A novel operator-independent noninvasive device for assessing arterial reactivity

Kellen A Knowles a,1, Kerry J Stewart b,1, Joseph Tejan a,1, Pamela Ouyang b,1, Elizabeth V Ratchford b,1, Laura Sullam b,1, Kathy Magliato c,1, Michael D Whitt d,1, Harry A Silber b,1,
PMCID: PMC8984635  PMID: 35402694

Abstract

Background

Endothelial dysfunction is associated with increased risk of cardiovascular disease (CVD). Currently available noninvasive methods of measuring endothelial function have limitations. We tested a novel device that provides an automated measurement of the difference between baseline and post-ischemic, hyperemia-induced, brachial arterial compliance, a phenomenon known to be endothelium-dependent.

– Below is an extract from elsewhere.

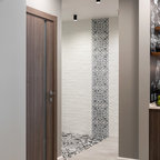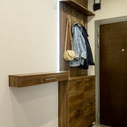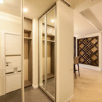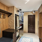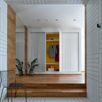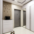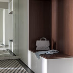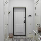 На фото: фойе в современном стиле с белыми стенами и бежевым полом — Houzz

The association between the calculated index, Flow-mediated Compliance Response (FCR), and established CVD risk indices was determined.

Methods

Adults with CVD risk factors or known coronary artery disease (CAD) were enrolled. Framingham Risk Score (FRS) was calculated and presence of metabolic syndrome (MetSyn) was assessed. Carotid artery plaques were identified by ultrasound. Cardiorespiratory fitness was assessed by 6-minute walk test (6MWT). FCR was measured using the device.

Results

Among 135 participants, mean age 49.3 +/- 17.9 years, characteristics included: 48% female, 7% smokers, 7% CAD, 10% type 2 diabetes, 34% MetSyn, and 38% with carotid plaque. Those with MetSyn had 24% lower FCR than those without (p < 0.001). Lower FCR was associated with higher FRS percentile (r = -0.29, p < 0.001), more MetSyn factors (r = -0.30, p < 0.001), more carotid plaques (r = -0.22, p = 0.01), and lower 6MWT (r = 0.34, p < 0.0001).

Conclusion

FCR, an index of arterial reactivity obtained automatically using a novel, operator-independent device, was inversely associated with established CVD risk indices, increased number of carotid plaques, and lower cardiorespiratory fitness. Whether measuring FCR could play a role in screening for CVD risk and assessing whether endothelial function changes in response to treatments aimed at CVD risk reduction, warrants further study.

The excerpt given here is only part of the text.